Amber walked into the room and simply placed the head on the edge of my nightstand and smiled.  She informed me that my new companion’s name is ‘Alexis’. However, if you click on the above photo, you can clearly see that the name tag on her little neck stump reads ‘Miss Kim’, so that is a point of contention for us.

A number of questions run through a person’s mind when they are gifted a human head:  Where did my bestower obtain this item?  Are there more parts forthcoming?  And most importantly, to whom can I mail this in an unmarked box?

You can’t tell from the picture, but Alexis is sitting directly next to the head of the bed, where she can watch over me like an eerie little angel.  And whisper secrets while I sleep.

This gift was sufficiently awesome to justify an entirely new category. 

Nana Evil

This week has been kind of a rough one – amongst other things I attended my grandfather’s funeral. The grief I felt at his passing was somewhat overshadowed by my seething hatred of my step-grandmother, whom I affectionately refer to as Nana Evil.

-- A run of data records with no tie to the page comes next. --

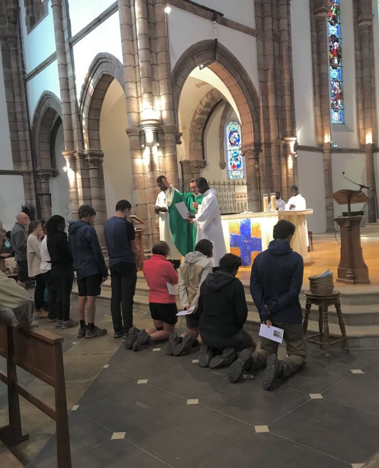Le Chemin de St Jacques de Compostelle – sur la via Podiensis – traverse la Paroisse St Bernard d’Olt sur une cinquantaine de kilomètres, d’Aubrac à Estaing. Les prêtres et membres bénévoles de la Paroisse ont eu très tôt à cœur d’offrir aux pèlerins et marcheurs un accueil et un accompagnement qui témoigneraient de leur foi, source d’hospitalité. Cet accueil se manifeste tout d’abord par l’ouverture des églises du chemin tout au long du jour. Dans chacune de ces églises, une fiche invite le pèlerin, au cours de sa visite à prendre le temps de faire connaissance avec ce lieu, d’y déambuler, et peut-être de s’asseoir pour un temps de méditions et de prière. Ces fiches, particulières à chacune des églises visitées (Dômerie d’Aubrac, St Chély d’Aubrac, Saint Côme d’Olt, Espalion et enfin Estaing où le chemin quitte la paroisse et la vallée du Lot) présentent d’abord l’église et son saint patron, offrent quelques textes des Pères de l’Eglise et des Saints et enfin une prière vient clore la visite du pèlerin. De plus, à chacune des messes célébrées sur la Paroisse, le prêtre les invite à s’approcher du chœur afin d’y recevoir une bénédiction qui leur est spécialement dédiée.
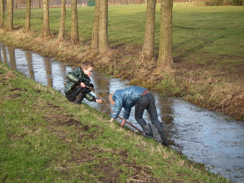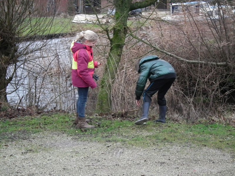 Met de kinderen zijn we naar het Nienoordse bos geweest. Er loopt een sloot dwars door het bos dat verbinding heeft met het Leekstermeer. Op verschillende plekken hebben de kids onderzoekjes gedaan naar waterdieren en leefomgeving van planten.
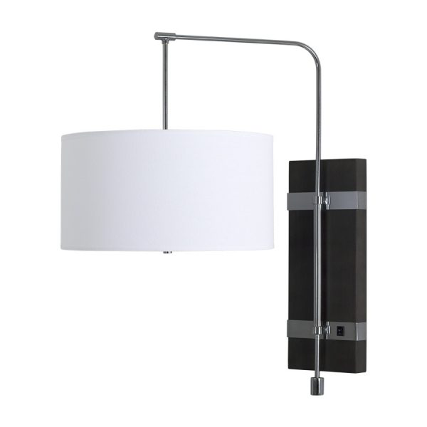 This headboard sconce lamp has a brushed chrome, wood finish that includes a white brussels hardback shade.
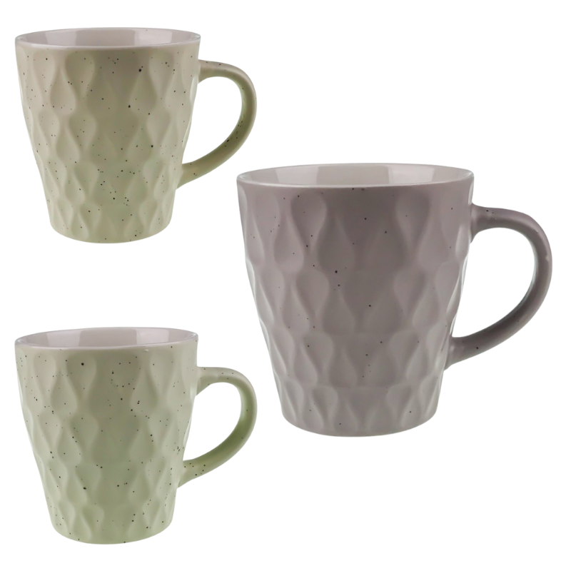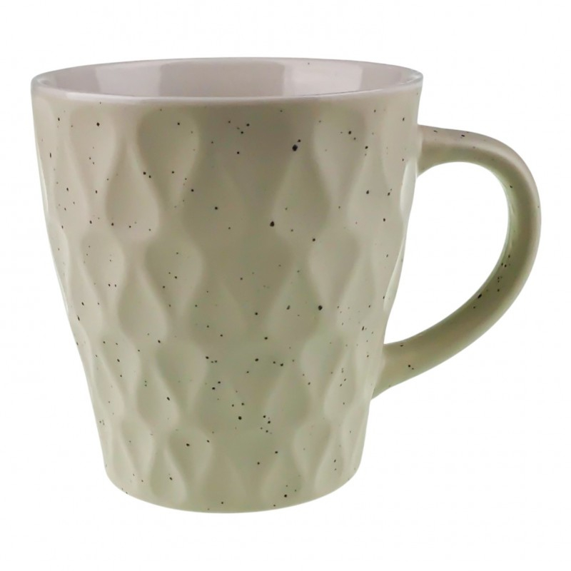 Această cană din ceramică are un design modern, cu model în relief tip romburi și puncte negre discrete. Este disponibilă în trei variante de culoare: gri, verde mentă și bej. Potrivită pentru cafea, ceai sau alte băuturi calde, oferă un plus de stil fiecărei utilizări.

Some months after my grandmother passed away, Nana Evil clawed her way up from the depths of Florida and married my grandfather. She apparently had been the love of his life in his youth, but during their engagement decided to marry someone else. She sent him a letter alerting him to this fact. Fate provided him a second chance at marriage with her after he lost his wife and she devoured the souls of her previous 3 husbands.

In the ten years that she was married to my grandfather, Nana Evil managed to make it clear that everyone in his family was unwelcome in their (his) home and take him to Florida to buy a house and car for her daughter.

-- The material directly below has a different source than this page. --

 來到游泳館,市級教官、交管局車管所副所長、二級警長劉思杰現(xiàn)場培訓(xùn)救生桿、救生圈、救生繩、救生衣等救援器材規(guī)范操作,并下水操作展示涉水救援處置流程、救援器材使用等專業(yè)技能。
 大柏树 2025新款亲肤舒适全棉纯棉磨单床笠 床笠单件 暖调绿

During his last days when he was in the hospital with a broken hip and heart condition, she refused to give anyone in his family information regarding his condition, or even what hospital he was in. When my grandfather’s sister pressed her for information about the hospital, Nana Evil gave her the wrong hospital information. As a result, every card that was sent to him was returned to sender because he wasn’t there. Also, she couldn’t be bothered to actually visit him in the hospital. So he passed on without a single person he knew at his side and, as far as he knew, no attempt at contact from anyone in his family.

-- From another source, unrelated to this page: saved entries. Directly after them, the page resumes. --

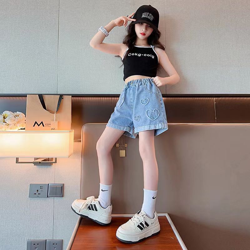 【YAOEENH】100-160ซม.ฤดูร้อนสาวหลวมกางเกงขาสั้นสบายๆกลางเด็กใหญ่นุ่มกางเกงยีนส์กางเกงขาสั้นเอวสูงสวมใส่ด้านนอกพร้อมสต็อกจัดส่งที่รวดเร็ว
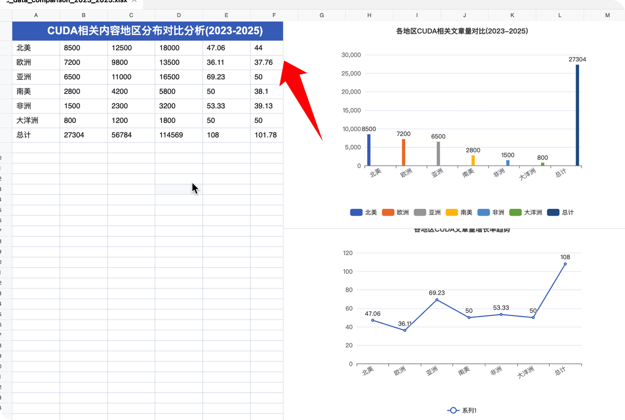 提示词:在sheet年份对比表中,在第一行添加一个醒目的标题,背景色改为蓝色
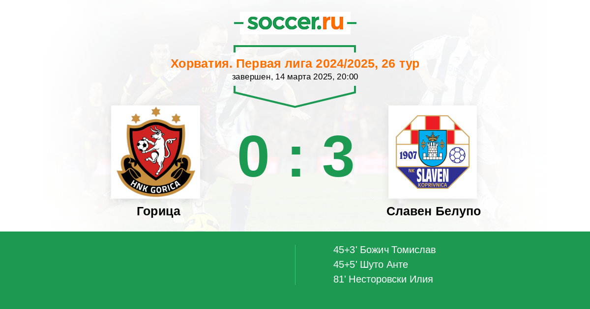 Протокол матча Горица против Славен Белупо
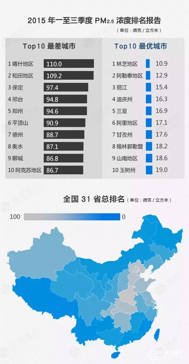 2015年10月15日,綠色和平通過分析中國367座城市公開的實(shí)時(shí)監(jiān)測(cè)數(shù)據(jù),正式發(fā)布《2015年一至三季度中國367座城市PM2.5濃度排名》。
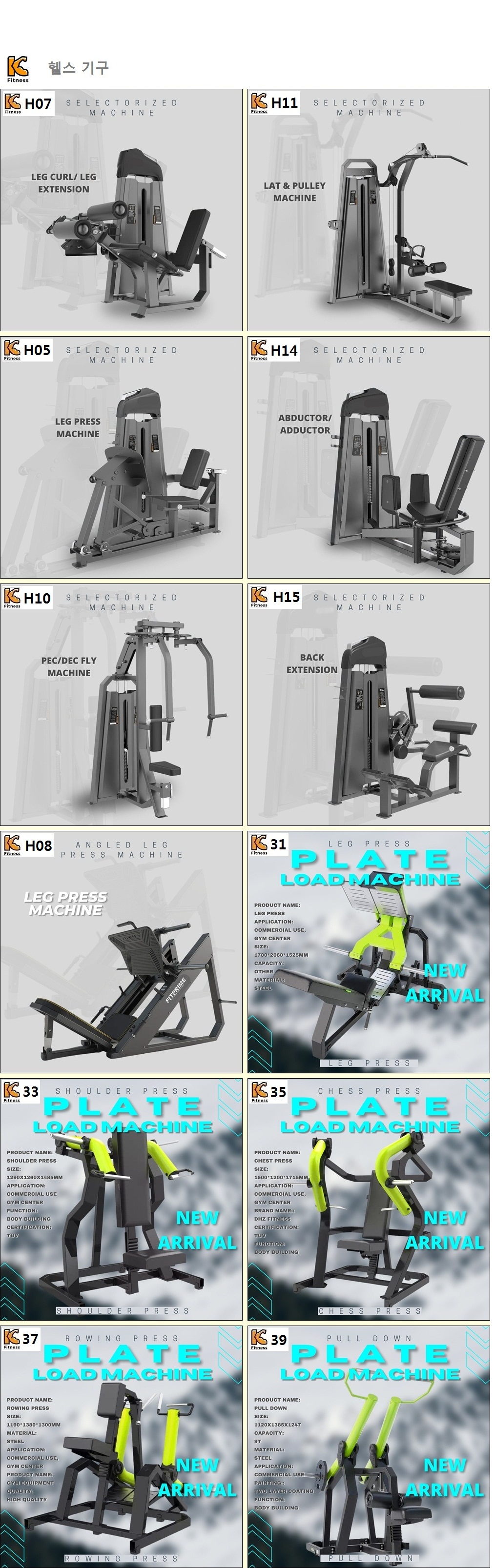 헬스기구, 홈짐세트, 스미스머신, 웨이트머신, 런닝머신, 복합운동기구등 모든 헬스기구 및 피트니스 용품들을 판매 및 배송/설치해 드리고 있습니다.
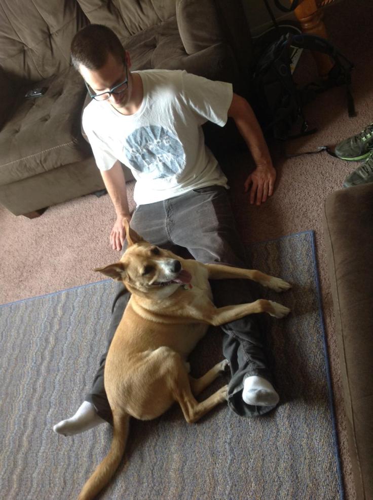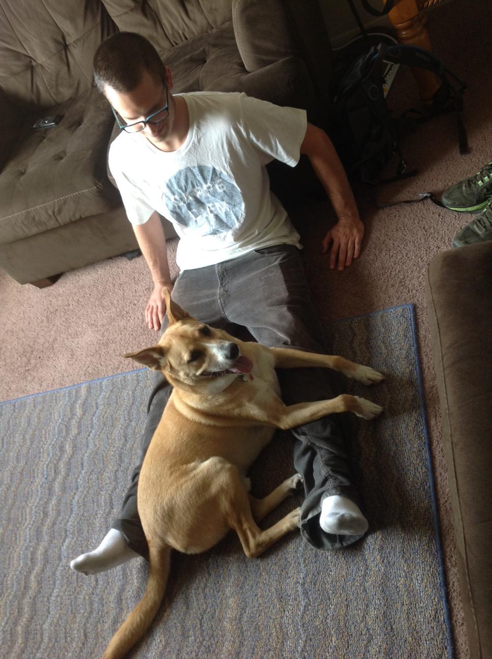 So Paul came over and Sokka just decided to come over and lay across Paul’s legs. Hilarious. They see Paul as a friend or maybe a cool uncle. Dogs are funny.

The day his family found out about his death, she was demanding a copy of the will. Neither she, nor anyone from her family made an appearance or a call of condolence regarding his death. To her credit, she did agree to pay 1/3 the cost of a flower arrangement for the funeral. She instructed his children to deduct the cost of the flowers from the money she’ll get from his estate.

Kudos to you Nana Evil, for proving that you’re never too old to be a gold-digging whore.